An employee of the Corporation who is not an Access Person need only report a transaction in a security if such director, at the time of that transaction, knew or, in the ordinary course of fulfilling his or her official duties as a director of the Corporation, should have known that, during the 15-day period immediately preceding the date of the transaction by the director, such security was purchased or sold by the Corporation or was being considered by the Corporation or its investment advisor for the purchase or sale by the Corporation.
 
C.
Every report shall be made not later than 10 days after the end of the calendar quarter in which the transaction to which the report relates was effected, and shall contain the following information:
 
1.
The date of the transaction, the title and number of shares, and the principal amount of each security involved.
 
2.
The nature of the transaction (i.e., purchase, sale or any other type of acquisition or disposition).
 
3.
The price at which the transaction was effected.
 
4.
The name of the broker, dealer or bank with or through whom the transaction was effected.
 
D.
It is the intent of the Corporation to abide by Rule 17j-1, dictating the reporting requirement, and as the Rule is amended, from time to time, to review the Rule to insure that the Corporation diligently abides by all aspects of the reporting requirements under said Rule.
 


V.
SANCTIONS

 
A.
Section (b)(1) of Rule 17j-1 requires Corporations to “use reasonable diligence, and institute procedures reasonably necessary, to prevent violations” of its codes of ethics.
 
B.
Upon discovering a violation of this Code of Ethics, the board of directors of the Corporation may impose such sanctions as it deems appropriate, including, inter alia, a letter of censure or suspension or termination of the employment of the violator.

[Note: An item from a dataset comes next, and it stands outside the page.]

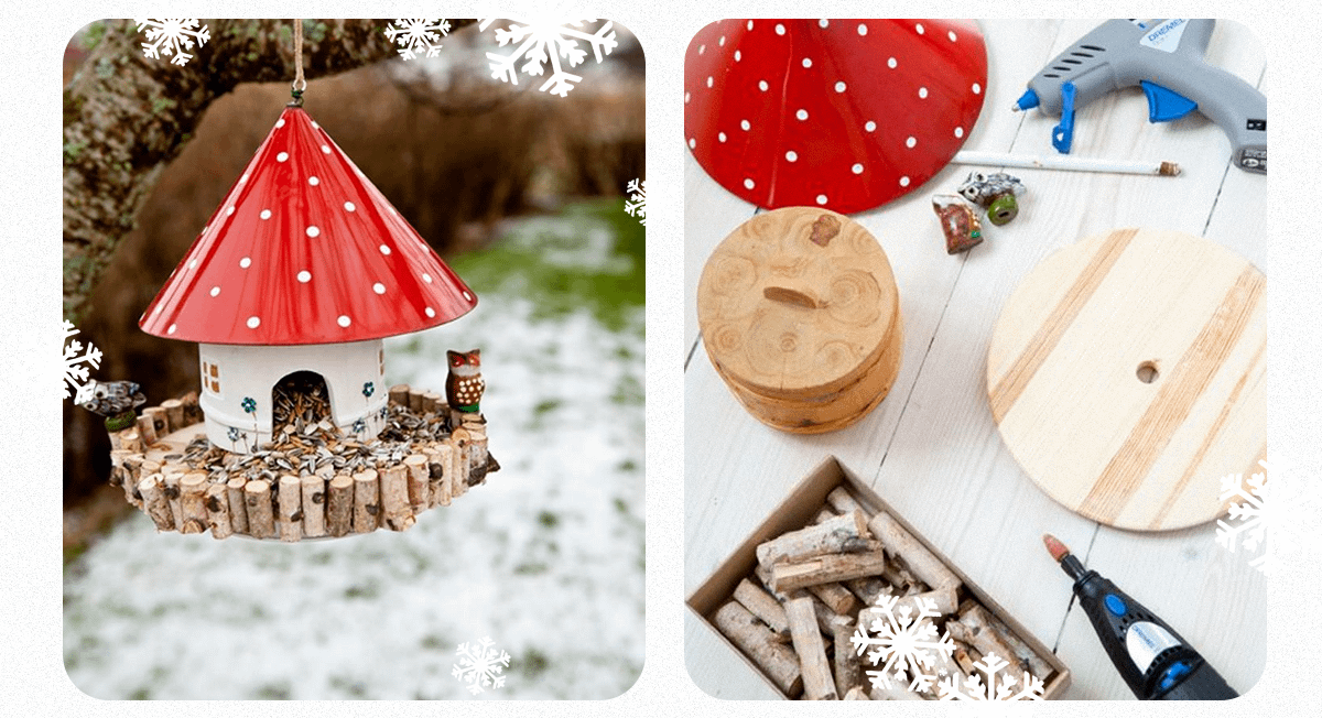 Ты также можешь купить готовую деревянную кормушку и украсить ее вместе с малышом. Не забудьте насыпать в нее немного корма и повесить на дереве у дома.

Such a violation might include, but are not limited to, filing incomplete, untimely, or false reports and engaging in any manipulative practice or course of business that operates as a fraud upon such registered investment company.
 
C.
Rule 17j-1 does not supplant any obligation or prohibition to which an Access Person may be subject under the Investment Advisors Act of 1940 or any other federal securities laws.